Tuesday, December 28, 2004
  Learning to Blog Well I've just started my own blog. I'm very new to this, and am not really sure what I'm doing. I've always wanted to be a writer, but this time I might actually write. I have thought of writing since I was a little girl. I've collected books, journals and empty notebooks for as along as I can remember. The only problem with that is I haven't been able to write with a pen as fast as I can type. This is a much more natural approach for me. I've always had lots to say and some say I say it well. We'll see.

The thing that is heavy on my mind tonight is the disaster in Asia. I can't even imagine what the devastation is like. We've never really dealt with anything of this magnitude in the states. We've had our earthquakes, floods, hurricanes and so forth, but to lose over 50,000 people and still counting is mind boggling. That is more then 7 of my town. And how does one go about organizing a clean up, a search and rescue, where would you start? I've read where our seismologists new the tsunami was coming but there was nothing they could do but send messages. There was no advance warning for those countries. They have nothing in place to prevent this kind of disaster. Why does something so horrible have to happen before people take the initiative to do something?
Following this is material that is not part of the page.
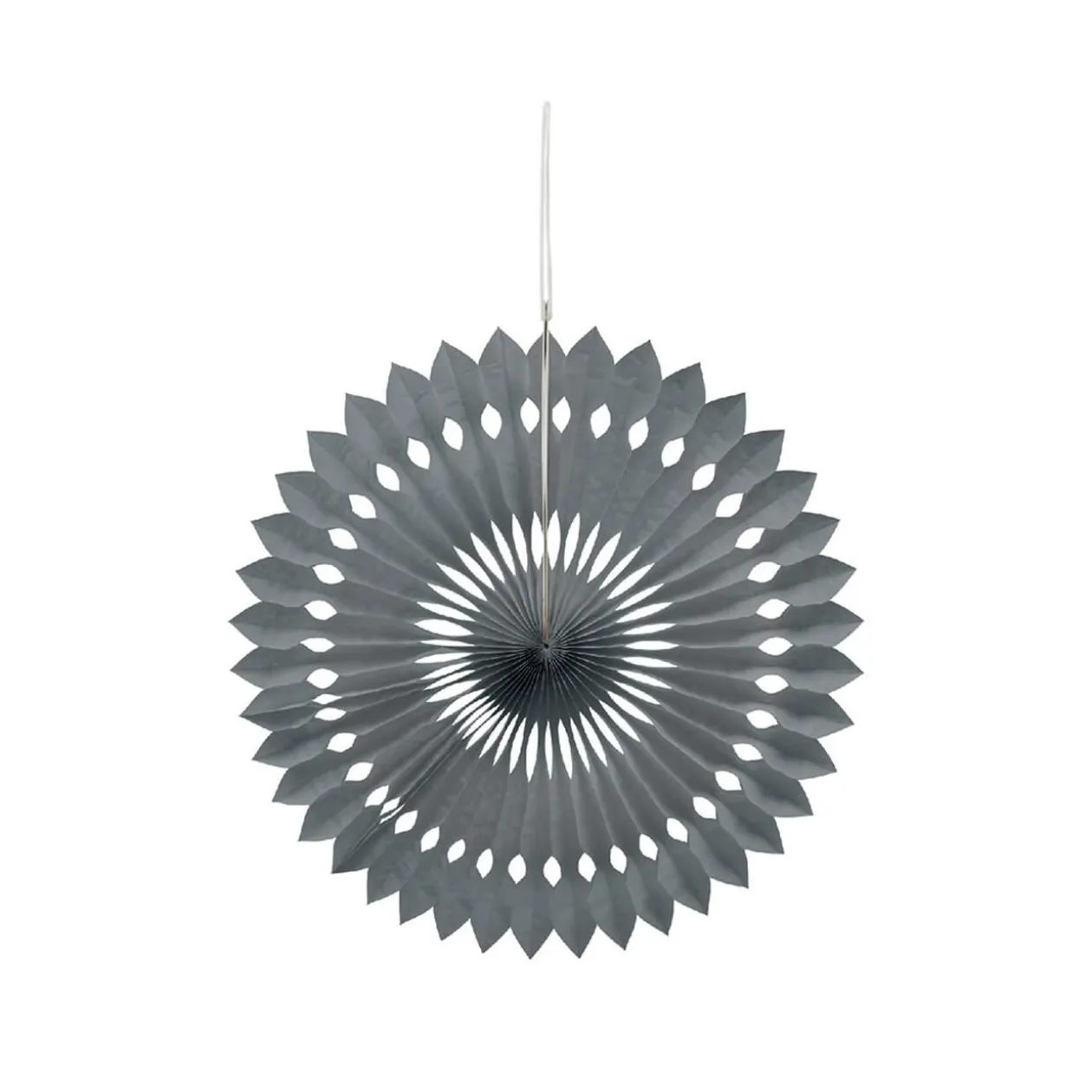 Privilégiez une décoration légère et originale avec cette rosace en papier gris à suspendre.

They said this area only has earthquakes every hundred years or so. When was the last one?

My daughter worries about catastrophe's, hurricanes, tsunami's, earthquakes, all the other natural disasters that happen. I was able to pick up a flyer about tsunami's today when I went for a walk in town. Living in a coastal town they try to keep warnings posted everywhere about things that can go wrong. A big one is "don't turn your back on the ocean". Where I live large unexpected waves have been known to take children and pets from the beach, also living in a logging area, large logs are known to be floating in and around the waters. Though the waves can pick these logs up so it looks like toothpicks, they can crush you if they roll on you.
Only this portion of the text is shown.